The structure of XylR–d-xylose complex was solved to 2.90 Å by multi-wavelength anomalous diffraction (MAD) using crystals grown with selenomethionine-substituted protein. Selenomethionine-substituted XylR was produced using the methionine inhibitory pathway method. The selenomethionine-substituted protein was purified as for wild type, with the exception that 5 mM β-mercapto-ethanol (β-ME) was included in all buffers. MAD data were collected on these crystals, and the selenium sites located with SOLVE, resulting in a figure of merit of 0.67 (17). The phases were improved by density modification using the program RESOLVE. The structure was then manually built using Coot (18) and refined in REFMAC5 (19). The final XylR–d-xylose structure includes residues 1–46, 55–389, 1 d-xylose molecule and 53 solvent molecules and has Rwork/Rfree values of 21.9%/27.9% to 2.90 Å resolution. The apo XylR structure was solved by molecular replacement (using MolRep) with the XylR structure (minus the d-xylose). This structure contains residues 1–46, 55–389 of each of the three subunits and was minimally refined in CNS to Rwork/Rfree values of 28.9%/31.6% to 3.40 Å resolution (20).
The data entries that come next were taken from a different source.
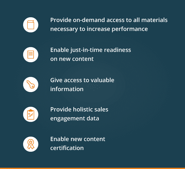 Provide holistic sales engagement data: In this data-driven world, teams involved in the creation of sales content and training collateral require a comprehensive view of their reps’ engagement with all sales-oriented materials. Best practice sales organizations leverage this data to pinpoint the strengths and weaknesses of their salespeople and further inform their enablement initiatives.
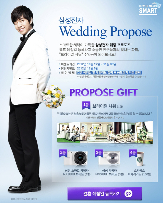 삼성 웨딩 프러포즈는 푸짐한 경품을 증정하는 온라인 이벤트와 혼수 마련 시, 실질적인 구매 혜택을 누릴 수 있는 오프라인 이벤트로 진행된다. 온라인 이벤트는 삼성전자 닷컴 사이트(www.samsung.com/sec) 내 마련된 이벤트 페이지에서 삼성전자 멤버십 블루에 가입하고 결혼예정일을 등록하면 추첨을 통해 브라이덜 샤워 혜택은 물론 푸짐한 경품으로 제공받을 수 있다. 해당 이벤트는 오는 11월 30일까지 멤버십 사이트에서 응모 가능하다.
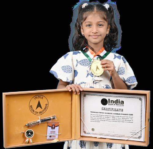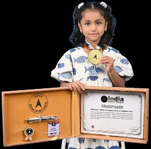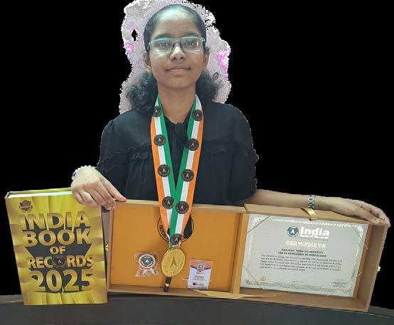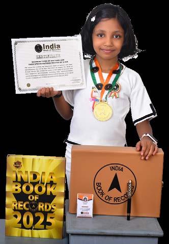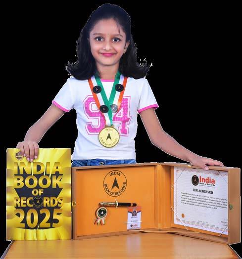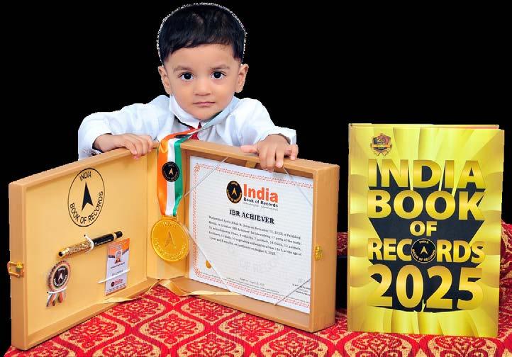 Zada Neziha (born on May 13, 2022) of Thrissur, Kerala, is titled as ‘IBR Achiever’ for identifying 34 miscellaneous items, 16 food items, 10 colours, 12 parts of the body, 24 fruits, 18 animals, 17 vegetables, 6 medicines and 26 letters of the English alphabet; answering 10 G.K. questions; counting from 1 to 10; sorting and completing a 5- shape puzzle of 20 pieces, at the age of 3 years and 1 month, as confirmed on June 21, 2025.
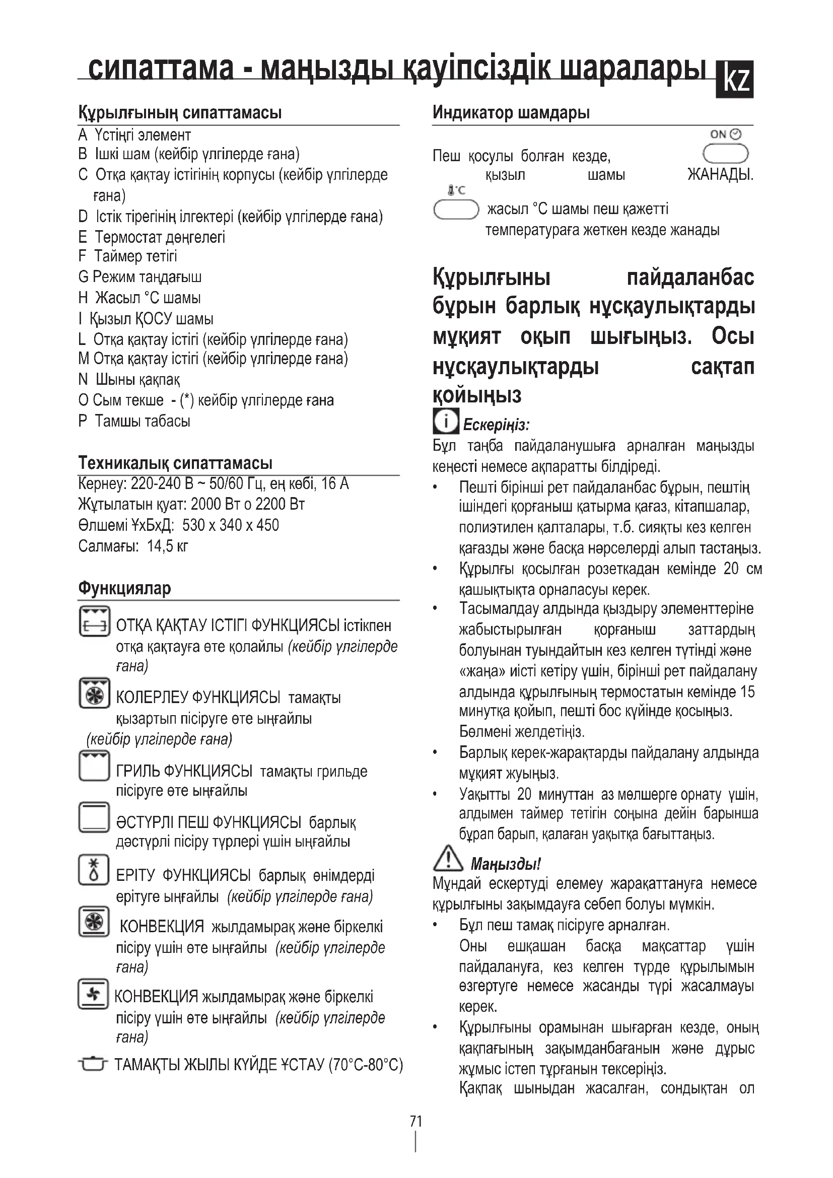 D Істік тірегінің ілгектері (кейбір үлгілерде ғана) E Термостат дөңгелегі F Таймер тетігі G Режим таңдағыш H Жасыл °C шамы I Қызыл ҚОСУ шамы L Отқа қақтау істігі (кейбір үлгілерде ғана) M Отқа қақтау істігі (кейбір үлгілерде ғана) N Шыны қақпақ O Сым текше - (*) кейбір үлгілерде ғана P Тамшы табасы Техникалық сипаттамасы Кернеу: 220-240 В ~ 50/60 Гц, ең көбі, 16 А Жұтылатын қуат: 2000 Вт o 2200 Вт Өлшемі ҰхБхД: 530 x 340 x 450 Салмағы: 14,5 кг
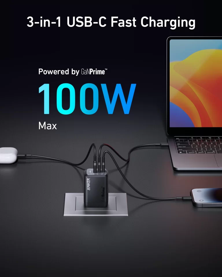 Charge with Unmatched Speed: Experience the efficiency of the Anker 100W Max Three-Port Charging, ensuring devices are powered quickly and ready to go when you are. This Anker USB C charger is ideal for those needing fast power delivery.
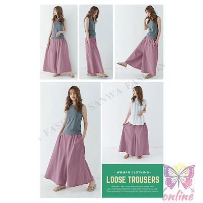 新しい夏のスタイル ワイドパンツ レディース きれいめ 春 秋 黒 9分丈 ガウチョパンツ ロング コットン ボトムス 体型カバー 無地 ナチュラル おしゃれ ガウチョパンツ 夏
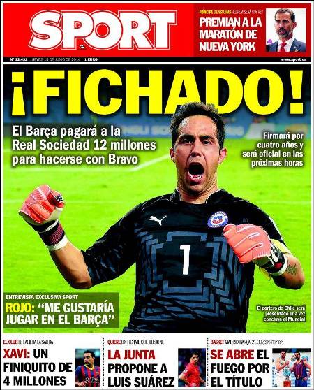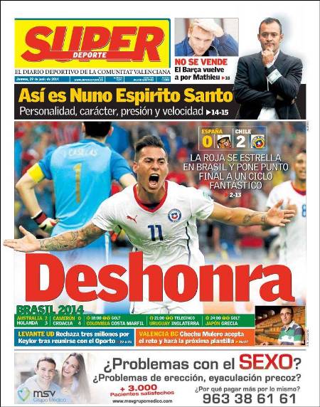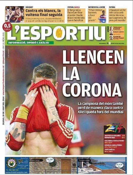 «Исторический нокаут Испании», - резюмирует Sport. Хосе Мария Касановас грустно шутит в своем материале: «Настоящее фиаско. В тот самый день, когда Хуан Карлос отрекся от престола в пользу Филиппа VI, наша сборная отреклась от своего титула чемпиона мира. Вся разница в том, что король сделал это добровольно, а вот сборную сбросили с трона два поражения подряд». Очень уместно на первую полосу вынесли вратаря сборной Чили Клаудио Браво – вышиб «фурию» с мундиаля и тут же в «Барселону» перешёл!
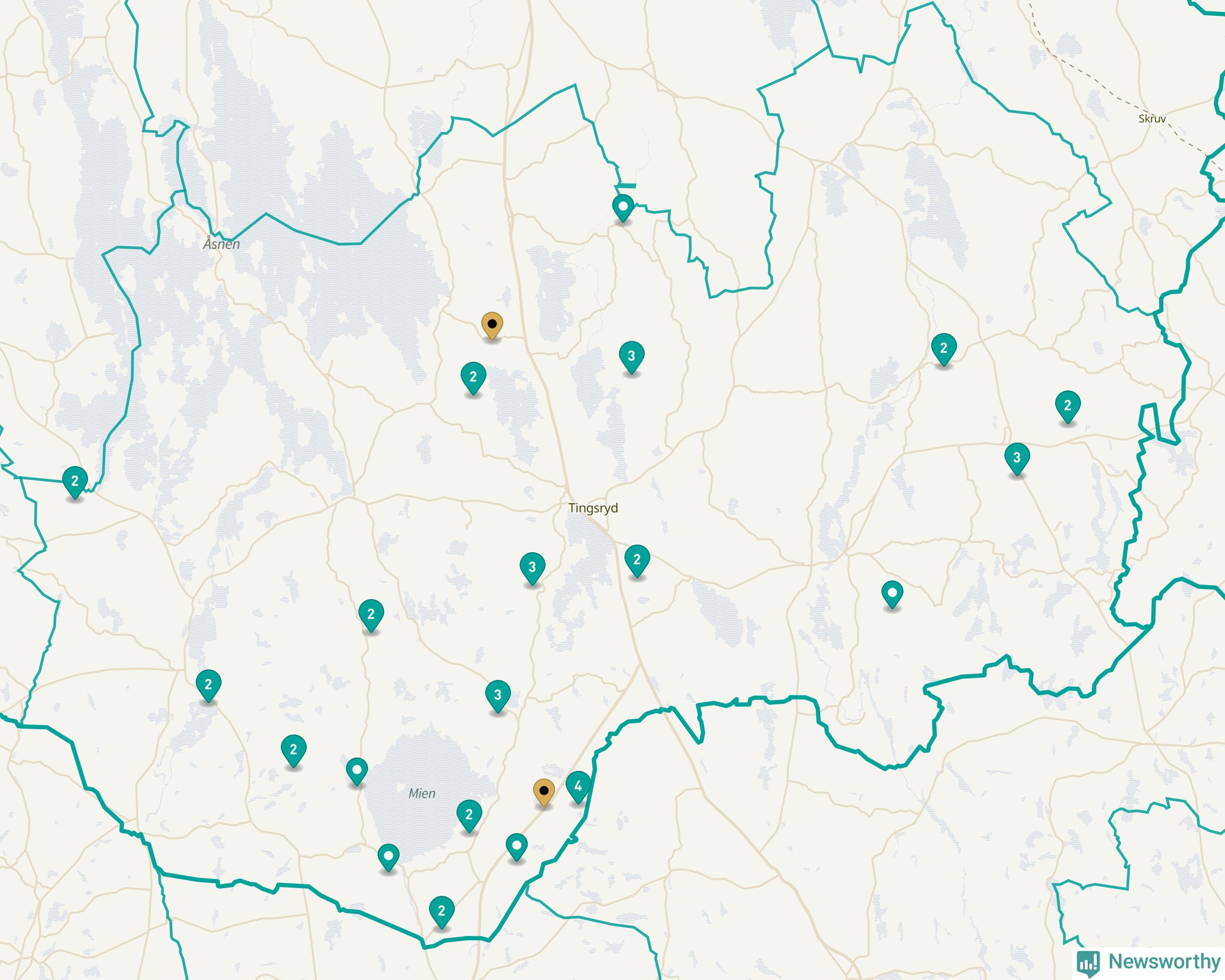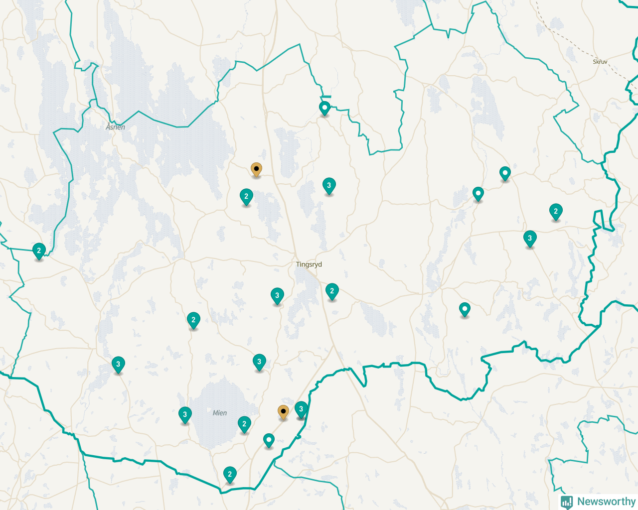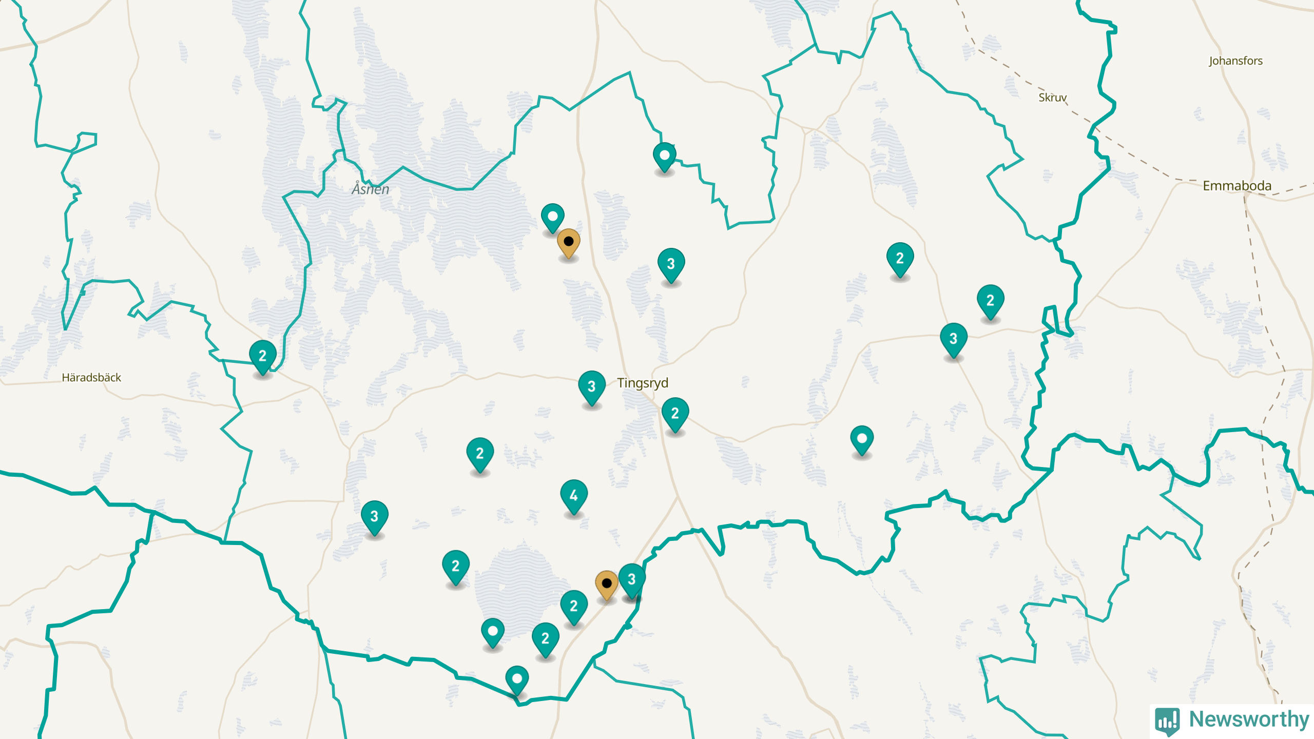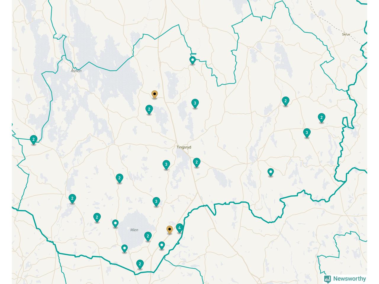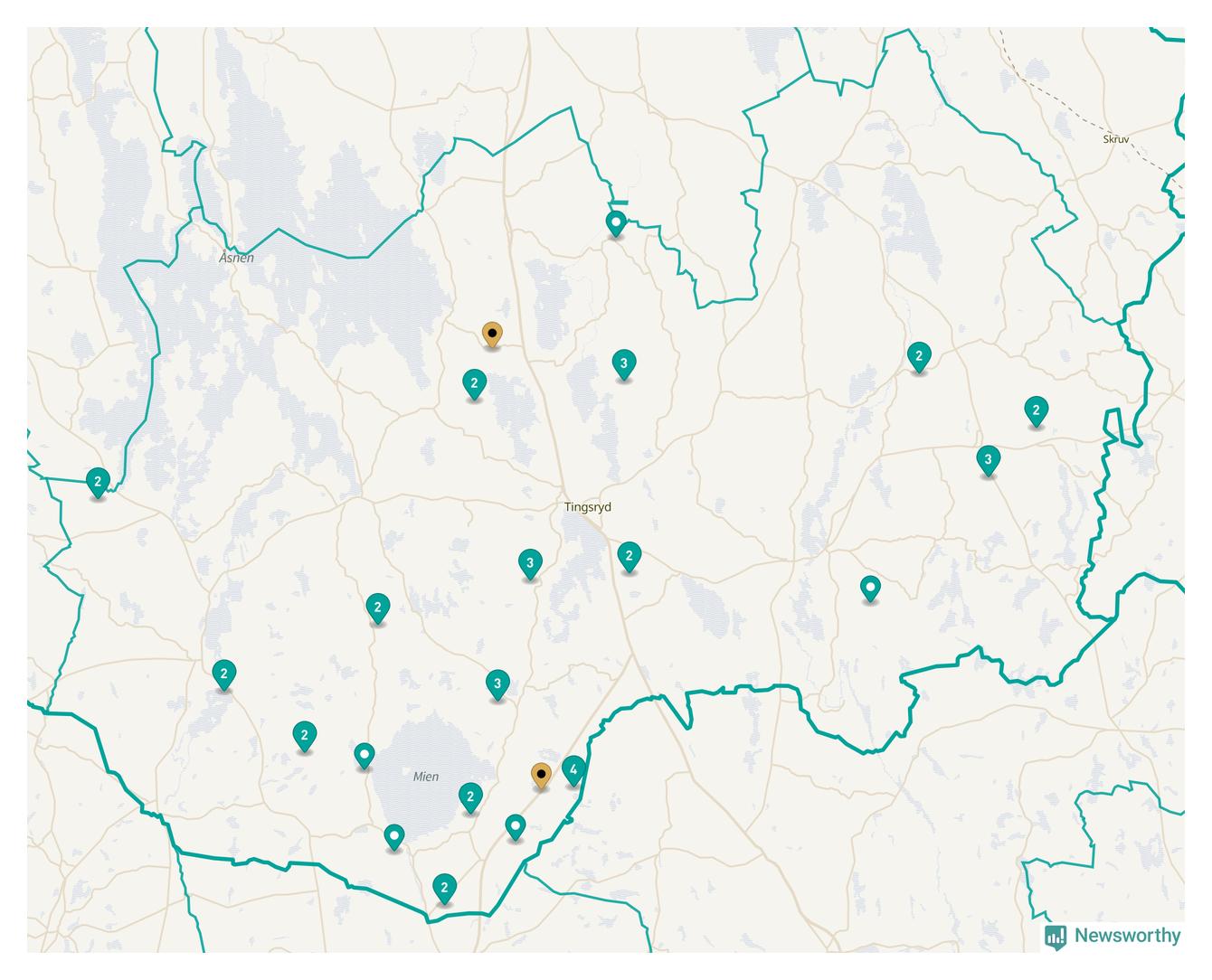 Varg har rapporterats två gånger det senaste året i Tingsryd, vilket är sju färre observationer än året innan. Ingen av observationerna har bekräftats av länsstyrelsen.

Selected data collection and refinement statistics are given in Table 1.

Table 1.

Selected crystallographic data for XylR structures

Selenomethionine MAD data for XylR–d-xylose
    Energy (keV) 12678.8/peak 12676.8/inflection 12979.6/remote
    Resolution (Å) 107.83-2.90 107.83-2.90 107.83-2.90
    Overall Rsym(%)a 7.5 (36.6)b 7.5 (36.2) 7.9 (38.5)
    Overall I/σ(I) 30.2 (8.0) 29.9 (8.0) 29.2 (7.6)
    #Total reflections 196 548 196 226 196 403
    #Unique reflections 12 701 12 729 12 704
    Multiplicity 8.6 8.5 8.6
    Overall Figure of Meritc 0.67
Refinement statistics
    Structure/pdb ID code XylR–d-xylose/4FE7 apo XylR/4FE4
    Resolution (Å) 66.67-2.90 107.83-3.40
    Overall Rsym(%)a 7.9 (38.5) 11.7 (49.6)
    Overall I/σ(I) 29.2 (7.6) 7.0 (1.7)
    #Total reflections 196 403 22 188
    #Unique reflections 12 022 2286
    % complete 100 (100) 97.0 (98.5)
    Rwork/Rfree(%)d 21.9/27.9 28.9/31.6
    Rmsd
    Bond angles (°) 1.275 1.60
    Bond lengths (Å) 0.010 0.011
    Ramachandran analysis
    Most favoured (%) 89.4 78.9
    Additional allowed (%) 10 20.2
    Generously allowed (%) 0.6 0.9
    Disallowed (%) 0.0 0.0

aRsym = ΣΣ|Ihkl−Ihkl(j)|/ΣIhkl, where Ihkl(j) is observed intensity and Ihkl is the final average value of intensity.

bValues in parentheses are for the highest resolution shell.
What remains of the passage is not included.